[TIMOB-2953] iOS Feature Request: ImageView validatesSecureCertificate property
GitHub Issue | n/a |
---|---|
Type | New Feature |
Priority | Trivial |
Status | Closed |
Resolution | Duplicate |
Resolution Date | 2012-03-20T12:43:53.000+0000 |
Affected Version/s | n/a |
Fix Version/s | n/a |
Components | iOS |
Labels | feature, image, ios, request, view |
Reporter | Alan Leard |
Assignee | Neeraj Gupta |
Created | 2011-04-15T03:33:38.000+0000 |
Updated | 2017-03-24T18:28:24.000+0000 |
Description
Users would like to be able to call remote images with a self-signed certificate.
Adding a validatesSecureCertificate property to ImageView would allow that.
Reference Ticket: http://developer.appcelerator.com/helpdesk/view/67561">http://developer.appcelerator.com/helpdesk/view/67561
I'm hesitant to add such a functionality in, because it presents a slippery slope. Why would we stop at one HTTPClient feature? When you use a coverflow view, which allows for remote images as well, should this functionality also be allowed? How would you represent this; do you have one setting that applies to all images in the array, or can you specify per-image?
All of this gets even messier when you realize that the imageView isn't the one doing the actual connecting, and that it's possible that multiple imageViews could be wanting to load the same image, where one wants to load with ABC:true, the other with ABC:false.
There is already a problem where ImageView is being treated as a magical image handling, downloading, and manipulation utility, instead of what it really is: A view that shows an image. The much better behavior is that the end dev uses HTTPClient to download the file, and show that. That even has the advantage of taking up less memory.
That is true, but in my case I have a scrollable view loaded with image views and it had memory issues related with:
- http://developer.appcelerator.com/helpdesk/view/46321">http://developer.appcelerator.com/helpdesk/view/46321 Now the scrollable view filled with image views works like a charm but only if I put url to image property. In my case (at the moment) there is max 100 pics per scrollable view and only one scrollable view can be shown in my app. If I put binaries instead of url's to image property, when simulating picture slide show, the application after some time still crashes, but if I use url's it works forever :). I rewrote several times this application I'm working on for almost a year using first url's, then, after it stopped working with self-signed certificates, I used HTTPClient to fetch image base64, and then again using url's because of stability of my app.
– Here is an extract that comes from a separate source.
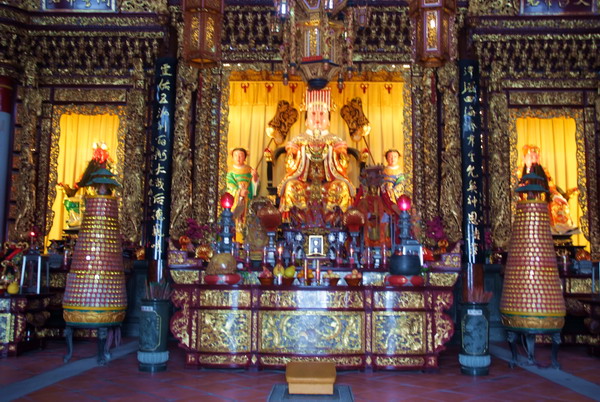 天后宮大殿同樣是木石結(jié)構(gòu),金黃色琉璃瓦屋面配以閩南式燕尾大脊,脊頂以彩瓷塑“雙龍朝寶塔”,飛檐有各色堆剪和卷草花飾,殿前臺(tái)明正面砌六幅青石浮雕,踏步中部嵌一幅“九龍勝云”浮雕御路石,整座大殿外觀氣勢(shì)恢宏。版權(quán)所有山東聊城聊之旅國(guó)際旅行社有限公司,轉(zhuǎn)載必究!大殿前廊八根圓形透雕青石大龍柱及大量石雕,絳紅色榔扇門窗,繪有大量寓意喜祥如意的圖案。大殿梁柱間的大部分彩繪以媽祖故事為主題,描金厚彩,富麗堂皇。殿內(nèi)供奉一尊高三點(diǎn)八米、寬二點(diǎn)一米的媽祖坐像。

Currently, I have a switch to switch between these approaches for future :).
But seriously, with url's it works excellent and I'm very happy with it, but at the current moment I gave up from SSL although I have everything ready for that in my app and on my picture server that serves the pics. And that is a feature I don't want to give up for next version if not for the initial, even if that means rewriting the whole app in objective C.
So I think that for one or some more pics it's a good approach to use HTTPClient to get the pics, but for more, from my experience it's not. For some reasons, that I don't know and you guys probably know why, when using url's the whole concept of scrollable view works much faster when scrolling left-right.
If my whole concept somewhere misses something please correct me.
Are there any updates? As Marko wrote it's often not that easy or even not possible to handle this when viewing for example more than 100 pics. The users of my app connect to their own server and they want to display images from their own server. But a lot of users do have HTTPS with self signed certificates and they are not able to view images. Maybe it would be create to have the possibility to set a "HTTPClient" dependency like this:
Don't know whether something like this is possible.
This is a duplicate of a WON'TFIX ticket. You can use SSL-enabled HTTP clients to retrieve images and display them in an image view, including the appropriate crossfade.
This issue duplicates WON'TFIX issue TIMOB-7470, which includes a code snippet demonstrating how to pull image data with the appropriate crossfade.
Closing ticket as duplicate with reference to the linked issues.